Among its claims to fame, Stegosaurus was made the official state fossil for Colorado on April 28, 1982, after a two-year campaign begun by a class of 4th graders and their teacher Ruth Sawdo at McElwain Elementary School in Thornton, Colorado. [6] The first fossils of Stegosaurus were discovered in Colorado in 1877, a year after the state entered the Union (1876). [7]
The famous 20th century American sculptor Alexander Calder designed a 50-foot-tall by 32-foot-wide abstract metal sculpture in 1972 known as "Stegosaurus". [8] Fabricated by the Segre Iron Works and constructed out 45 steel plates bolted together, the monumental piece, painted a bright orange-red, was installed in Burr Mall in Hartford, Connecticut in 1973, placed near a fountain as if to suggest an animal approaching for a drink. [9] The work was commissioned as a memorial to Alfred E. Burr, who founded the Hartford Times newspaper in the 19th century. The British botanist and writer Nicholas Guppy reportedly saw the planned abstract sculpture with enlarged triangular projections at an early development stage and observed that it "looked like a prehistoric monster", a comparison that inspired the name "Stegosaurus". [10] A small-scale maquette version of the steel sculpture, measuring 13-feet-tall and 14-feet-wide, now stands outside the Toledo Museum of Art in Ohio. [11] Also called "Stegosaurus" and painted bright orange-red, the preparatory stage work had been installed at the University of Connecticut Health Center in Farmington in 1975, but was sold at auction in 2000 for $4.1 million to the Toledo Museum of Art. [12]
Due to the fragmentary nature of most early Stegosaurus fossil finds, it took many years before reasonably accurate restorations of this dinosaur could be produced. The earliest popular image of Stegosaurus was an engraving produced by the French science illustrator Auguste-Michel Jobin, [13] [14] which appeared in the November 1884 issue of Scientific American and elsewhere, and which depicted the dinosaur amid a speculative Morrison age Jurassic landscape. Jobin restored the Stegosaurus as bipedal and long-necked, with the plates arranged along the tail and the back covered in spikes. This covering of spikes might have been based on a misinterpretation of long, cylindrical teeth in rows found with the fossils bones, distinct from the compressed teeth found in a jaw fragment, as noted by Marsh in his initial 1877 description of Stegosaurus armatus. Marsh thought the apparent cylindrical teeth might turn out to be small dermal spines, similar to those of some types of fishes. In 1884, however, he reidentified the cylindrical teeth found with the first Stegosaurus bones as those of the sauropod dinosaur Diplodocus , later given the species name Diplodocus lacustris. [15] Work at the original fossil site in 2013 revealed that the teeth in fact came from part of an Apatosaurus skull, missed by the original 1877 excavation of the Quarry 5 site. [16]

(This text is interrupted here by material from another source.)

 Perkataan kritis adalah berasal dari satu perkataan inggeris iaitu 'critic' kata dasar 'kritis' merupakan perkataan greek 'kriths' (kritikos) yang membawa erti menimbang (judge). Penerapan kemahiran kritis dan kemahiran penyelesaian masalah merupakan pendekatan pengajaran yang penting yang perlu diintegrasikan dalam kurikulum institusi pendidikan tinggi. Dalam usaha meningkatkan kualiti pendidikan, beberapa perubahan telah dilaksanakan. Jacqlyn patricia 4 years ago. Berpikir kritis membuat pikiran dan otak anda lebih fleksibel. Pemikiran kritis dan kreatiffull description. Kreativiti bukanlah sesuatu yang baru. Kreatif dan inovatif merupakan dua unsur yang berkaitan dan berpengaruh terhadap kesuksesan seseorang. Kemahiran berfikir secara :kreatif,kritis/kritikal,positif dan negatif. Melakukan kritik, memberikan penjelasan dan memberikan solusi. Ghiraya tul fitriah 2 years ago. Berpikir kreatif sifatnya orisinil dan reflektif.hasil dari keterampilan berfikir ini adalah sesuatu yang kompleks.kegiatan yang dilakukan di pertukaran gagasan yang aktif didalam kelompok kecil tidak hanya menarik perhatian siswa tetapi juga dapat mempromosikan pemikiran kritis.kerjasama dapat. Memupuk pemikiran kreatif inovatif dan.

Marsh published his more accurate skeletal reconstruction of Stegosaurus in 1891, and within a decade Stegosaurus had become among the most-illustrated types of dinosaur. [15] Nevertheless, scientifically inaccurate, sometimes fanciful, reconstructions of Stegosaurus appeared in different books and publications in the late 19th and early 20th centuries, some imposing a crawling lizard-like posture or creating odd arrangements of the plates and spikes.

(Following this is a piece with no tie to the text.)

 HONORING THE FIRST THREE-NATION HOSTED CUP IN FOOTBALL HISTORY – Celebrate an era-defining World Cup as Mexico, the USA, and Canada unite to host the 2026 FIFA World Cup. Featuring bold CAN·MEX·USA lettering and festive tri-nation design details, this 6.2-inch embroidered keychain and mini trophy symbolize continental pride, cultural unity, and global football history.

The renowned artist Charles R. Knight specialized in science-based reconstructions of prehistoric animals, often developed under the direction or with the advice of paleontologists. His depictions of Stegosaurus over the decades reflected shifting scientific ideas about the dinosaur’s anatomy and appearance. Knight published his first illustrations of Stegosaurus ungulatus in 1897, both depicted with a single row of plates and eight tail spikes based on Marsh's 1891 skeletal reconstruction. The painting of Stegosaurus that appeared in the May 1897 issue of Harper's New Monthly Magazine (page 916) restored the armored dinosaur with rows of rectangular crocodile-like scutes along its upper body and horizontal scale bands on its belly. [17] A different ink rendering of Stegosaurus published in the November 1897 issue of The Century Magazine (page 22) covered the dinosaur’s body in round, pebbly scales, more like those in some types of lizards. [18] Knight's next used a double row for his more well-known 1901 painting, produced under the direction of the zoologist Frederic Augustus Lucas, then with the National Museum of Natural History. This illustration would later be the basis of the stop-motion Stegosaurus puppet used in the 1933 film King Kong . Again under Lucas, Knight revised his version of Stegosaurus two years later, producing a model with a staggered double row of plates. Knight would go on to paint Stegosaurus with a staggered double plate row in 1927, updated to have only four tail spikes, for the Field Museum of Natural History as part of series of murals depicting prehistoric life. [19]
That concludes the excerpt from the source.